I am wondering whether the code of the IMDB task part in FL_Backdoor_NLP folder is the final version which produces the data in the camera-ready paper because there are many mistakes in the code. I will be very appreciated if you can provide any explanation or provide the final version of IMDB tasks.
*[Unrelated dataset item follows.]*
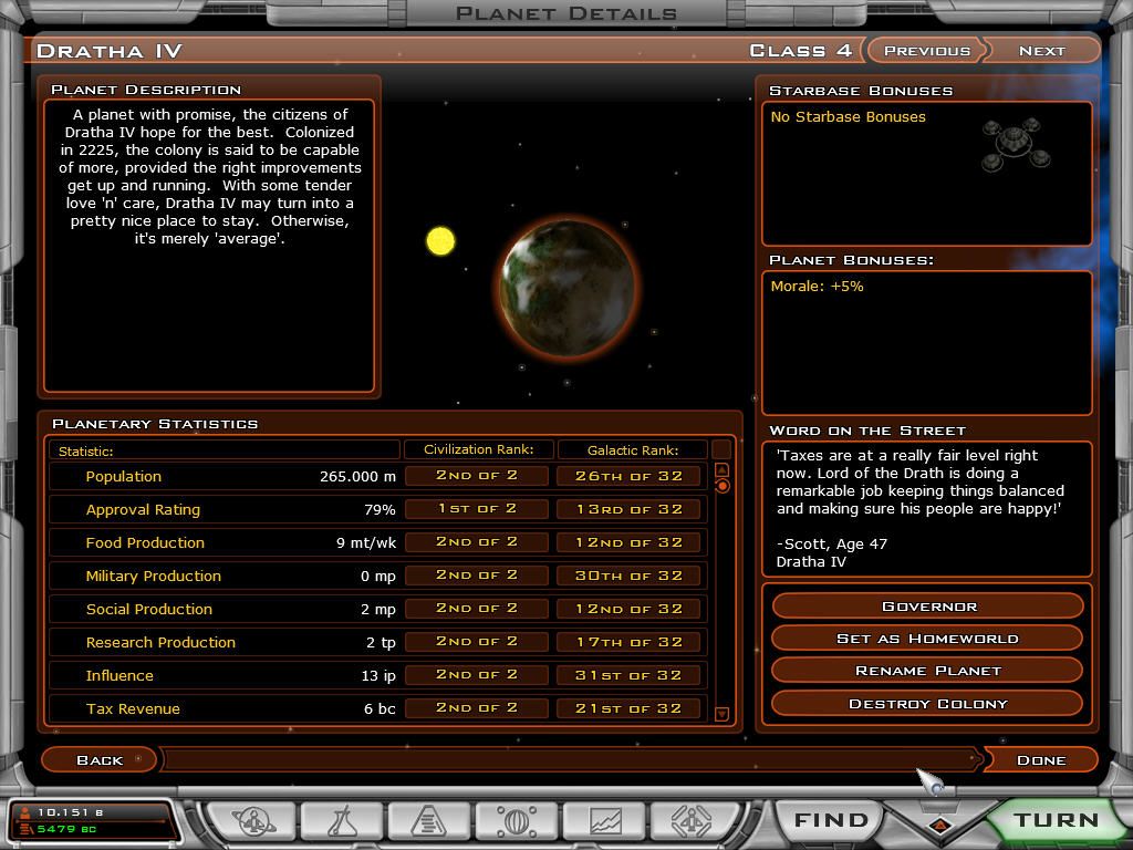 Although released in 2006, Galactic Civilizations II exhibits a clean and approachable visual style that has aged gracefully. Starfields shimmer with depth while planetary surfaces display distinct biomes, from lush jungles to barren deserts. The user interface is intuitive, with clear icons, informative tooltips, and well-organized menus that let you manage colonies, research, and diplomacy without constant menu-hopping.

jhcknzzm commented 1 year ago

Hi, for the question 1 and 2, I think you just need to replace the function load_poison_data_sentiment() in text_helper.py with the following function: def load_poison_data_sentiment(self): """ Generate self.poisoned_train_data, self.poisoned_test_data """

Get trigger sentence

    self.load_trigger_sentence_sentiment()

    # Inject triggers for test data
    test_data = []
    for i in range(200):
        if self.corpus.test_label[i] == 1:
            tokens = self.params['poison_sentences'] + self.corpus.test[i].tolist()
            tokens = self.corpus.pad_features(tokens, self.params['sequence_length'])
            test_data.append(tokens)
    train_data = test_data * 10
    test_label = np.array([0 for _ in range(len(test_data))])
    train_label = np.array([0 for _ in range(len(train_data))])
    tensor_test_data = TensorDataset(torch.tensor(test_data), torch.tensor(test_label))
    tensor_train_data = TensorDataset(torch.tensor(train_data), torch.tensor(train_label))
    self.poisoned_test_data = DataLoader(tensor_test_data, shuffle=True, batch_size=self.params['test_batch_size'], drop_last=True)
    self.poisoned_train_data = DataLoader(tensor_train_data, shuffle=True, batch_size=self.params['test_batch_size'], drop_last=True)

This function adds triggers to the sentence, generates poisoned samples, and incorporates multiple copies of those sentences into the training data. These sentences with triggers will also be used to test backdoors. The camera-ready paper has shown that backdoors have the ability to remember poisoned data, and these poisoned samples are not immediately forgotten when tested.

For question 3, 50k_word_dictionary.pt is for Reddit datasets, and I don't think it can also be used for IMDB datasets. You can download reviews.txt and labels.txt from https://github.com/abishekarun/IMDB-Movie-Reviews first. Then use the https://github.com/jhcknzzm/Federated-Learning-Backdoor/blob/master/FL_Backdoor_NLP/IMDB.py to generate the IMDB_dictionary.pt. By the way, there are many codes that can be referred to for processing IMDB datasets, such as https://towardsdatascience.com/sentiment-analysis-using-lstm-step-by-step-50d074f09948.

For question 4, Adam usually completes the training faster, but SGD can also do the training. It is okay to use any of them. For the Reddit dataset, we use the SGD optimizer consistently with https://github.com/ebagdasa/backdoor_federated_learning.

ybdai7 commented 1 year ago

Thanks for your reply. This helps a lot!